Lisa laughed. “No, you don’t.”
He gave her a pair of cross streets as if showing her a medal.
“That’s ex-Ex,” she said. “What do they call it? Transitional?”
“Not when I was growing up,” he said.
Lisa studied his face. Maybe he was lying. Maybe not. It didn’t matter. Whatever Ex-cred he might claim, he was an urbie, now.

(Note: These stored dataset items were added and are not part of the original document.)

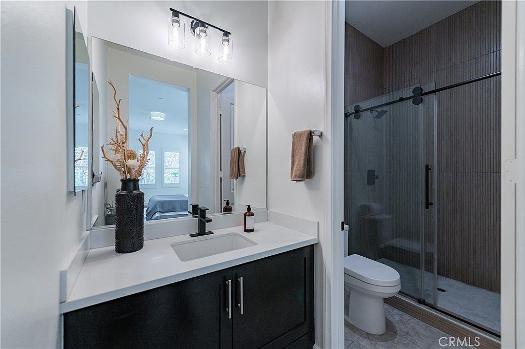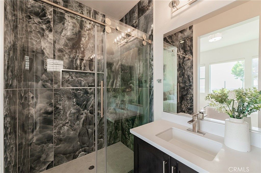 This bathroom section features a modern shower on the left with striking dark marble-like tiles in shades of black, gray, and white, adding dramatic texture and depth to the space. The shower is enclosed by clear glass sliding doors with sleek metallic hardware, enhancing openness. To the right, a contemporary vanity boasts a smooth, white countertop with an undermount sink and brushed metal faucet. Above the vanity, a large mirror reflects natural light coming from a window in the adjacent room. A simple white vase with fresh greenery adds a touch of natural elegance against the neutral tones and clean lines of the vanity cabinetry.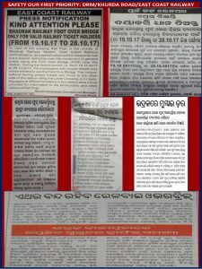 “We do not want any unfortunate incident to happen. Safety comes first. All concerned are requested to extend full cooperation to the Railways for greater public good,” said Divisional Railway Manager, Khurda Road, Brij Mohan Agarwal.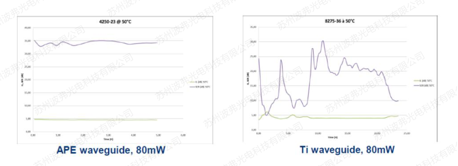 再一次聲明,即使在某些廠商的參數(shù)手冊(cè)上,鈦擴(kuò)散工藝制造出的調(diào)制器在近紅外波段優(yōu)于退火質(zhì)子交換工藝,但是鈦擴(kuò)散工藝的光折變效應(yīng)會(huì)在低激光功率時(shí)更早的介入,器件的性能將不再受控。所有iXblue近紅外波段的調(diào)制器使用退火質(zhì)子交換工藝,減小光折變的影響,提供更穩(wěn)定的性能。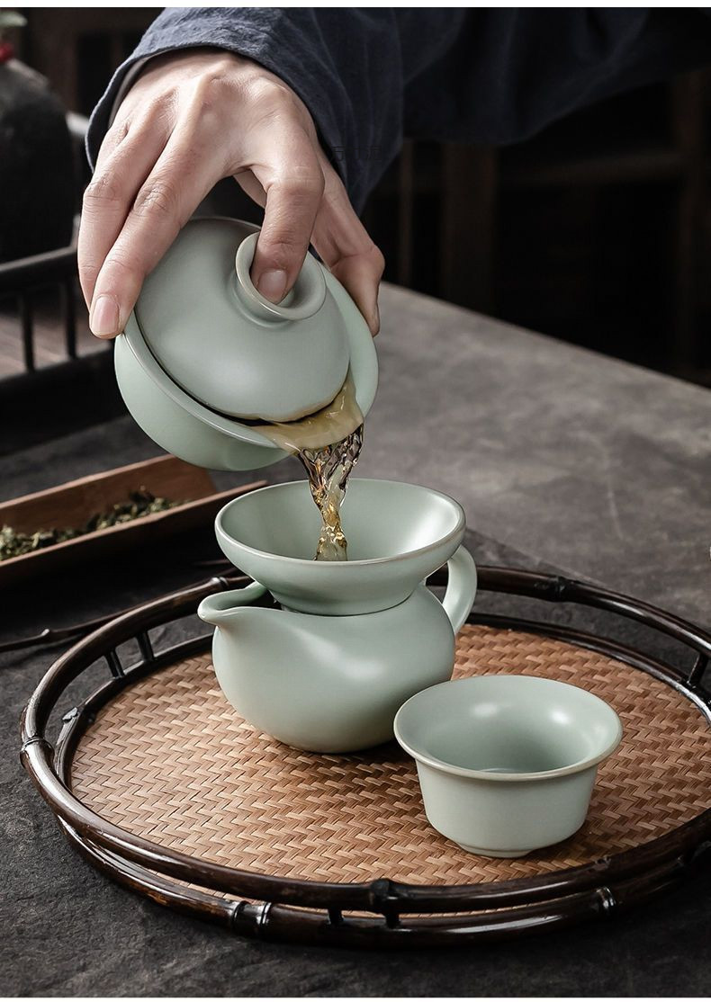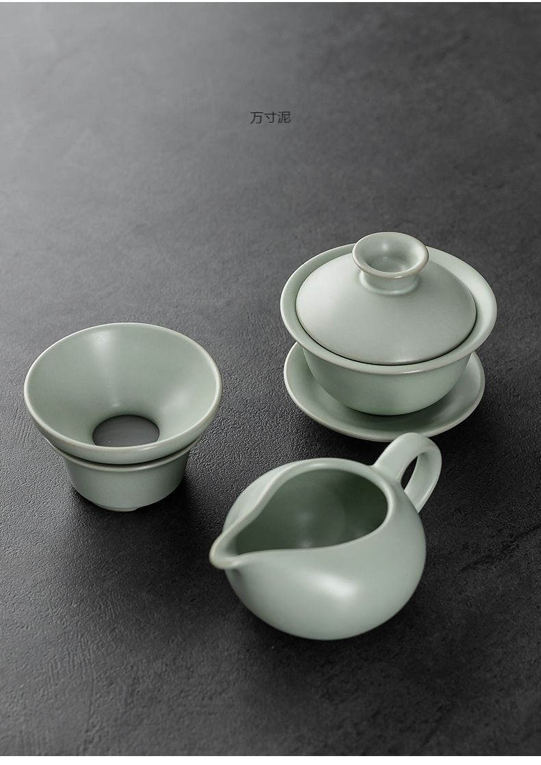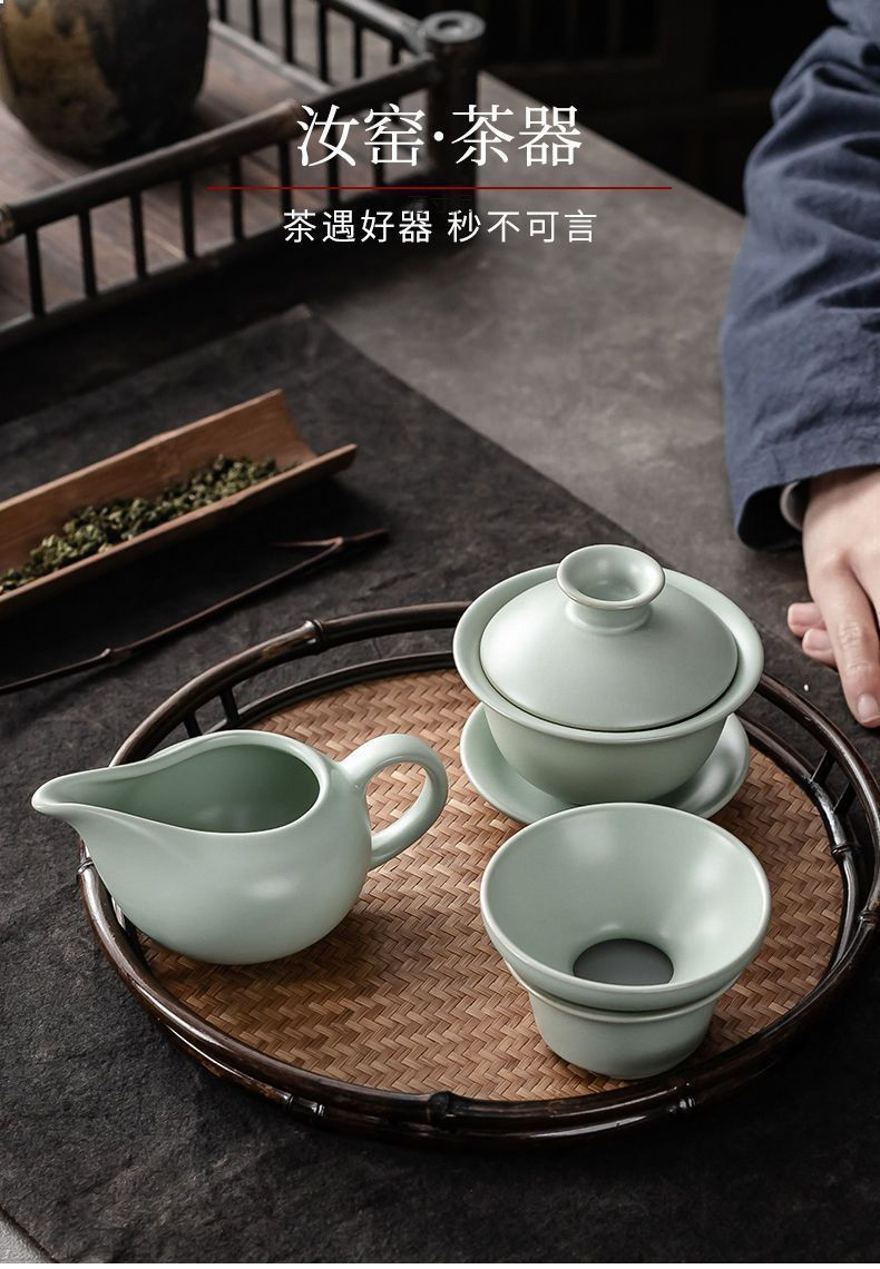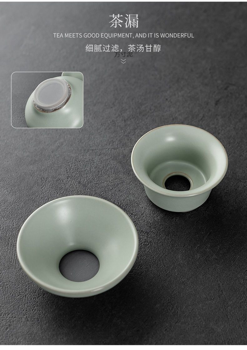 Ru Kiln 커버 보울 필터 차 바다 쿵푸 차 세트 오픈 조각 얼음 균열 스카이 블루 시카이 차 준비 중국 가정용 차 메이커

Lisa was just seven years old when she learned about growing up. She huddled on her bed, an old sofa cushion shoved in the corner of a one-room apartment. She still had her own eyes then, but they were nearly useless. She clutched her old cracked-glass tablet to her chest, crying in frustration because she couldn’t read anymore.
Eddie came home from whatever teenage brothers did to keep the rent paid and the two of them fed. He crossed the tiny apartment in a dozen quick steps and sat down next to her, holding her close.
“What’s the matter, Little One?” he said.
She leaned against him. “I couldn’t read,” she said. “No matter how big I made the letters.”
“Isn’t the audio working?”
“It’s not the same,” she said. “Not like when you read to me. Or Mama.”
Eddie took a deep, shuddery breath and let it out slowly. His heart thumped loudly in Lisa’s ear. “I told you,” he said. “I don’t think Mama’s coming home.”
“I know.” Lisa wiped away a tear that was running across the bridge of her nose. “It’s because I can’t see.”
Eddie kissed her on the top of the head. “She was never very strong,” he said.
She managed a tiny smile. She knew this game. “Not like us, right?”
“Toughest pair in the Ex,” he said.
“Cuz we can do anything.”
“With nothing.”
“And like it!” they finished together.